Scrub potatoes & dice (I prefer to leave skin on.) Divide among 4 squares of tin foil. Shake soup mix over each square as evenly as possible. Add 1T butter and 1T cheese to each.

Fold each square to close and create a little packet. Grill on top rack over medium-high heat for about 30 minutes. Check for doneness, and add additional time if needed.

Chicken Fried Rice

  • 2T olive oil
  • 2 eggs
  • 4T sesame oil
  • 3 packages Uncle Ben’s Ready Rice (Garden Vegetable flavor)
  • 1 bag frozen mixed veggies
  • 1-2 lbs cooked shredded chicken, depending on how much you like in your dish

**Can also buy a rotisserie chicken if you’re trying to be quick, just shred and remove skin

Heat 1T oil over medium high heat, and lightly scramble egg. Remove, then heat 1T oil & 2T sesame oil. Add rice & cook, stirring frequently, until browned (about 10 minutes.)

Add chicken, frozen veggies, cooked egg and remaining 2T sesame oil. Mix well and serve.

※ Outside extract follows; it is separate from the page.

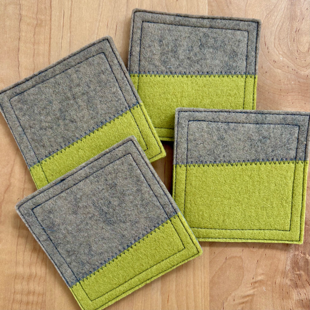 Made of 100% wool felt. Wool felt is naturally absorbent, offers thermal protection and has antimicrobial properties. It is gentle on surfaces and is stain resistant. It is a perfect material for coasters.

Green Beans with Peanut Sauce

  • 1T soy sauce (don’t use reduced sodium… not as good)
  • 2 cloves garlic
  • 1t toasted sesame seeds (better this way, but if you don’t have the time, just throw them in raw)
  • 1t brown sugar
  • 1t peanut butter
  • 1 lb green beans
  • 4 ½ T vegetable oil

Combine all but last 2 ingredients to form sauce & set aside. Heat oil over high heat & stir fry beans until desired tenderness. Toss with sauce

*I am so in love with this sauce that I always make at least a double recipe. I pour it all over chicken or anything else that I make!

Allie is a lifelong resident of Beaver County. She is a 2006 graduate of Blackhawk High School, and still resides in Patterson Heights with her husband Andy and their 3-year old son, Luke. She is a Regional Manager at PLS Logistics and a sports fanatic. You can find her on Facebook as Allie Dixon.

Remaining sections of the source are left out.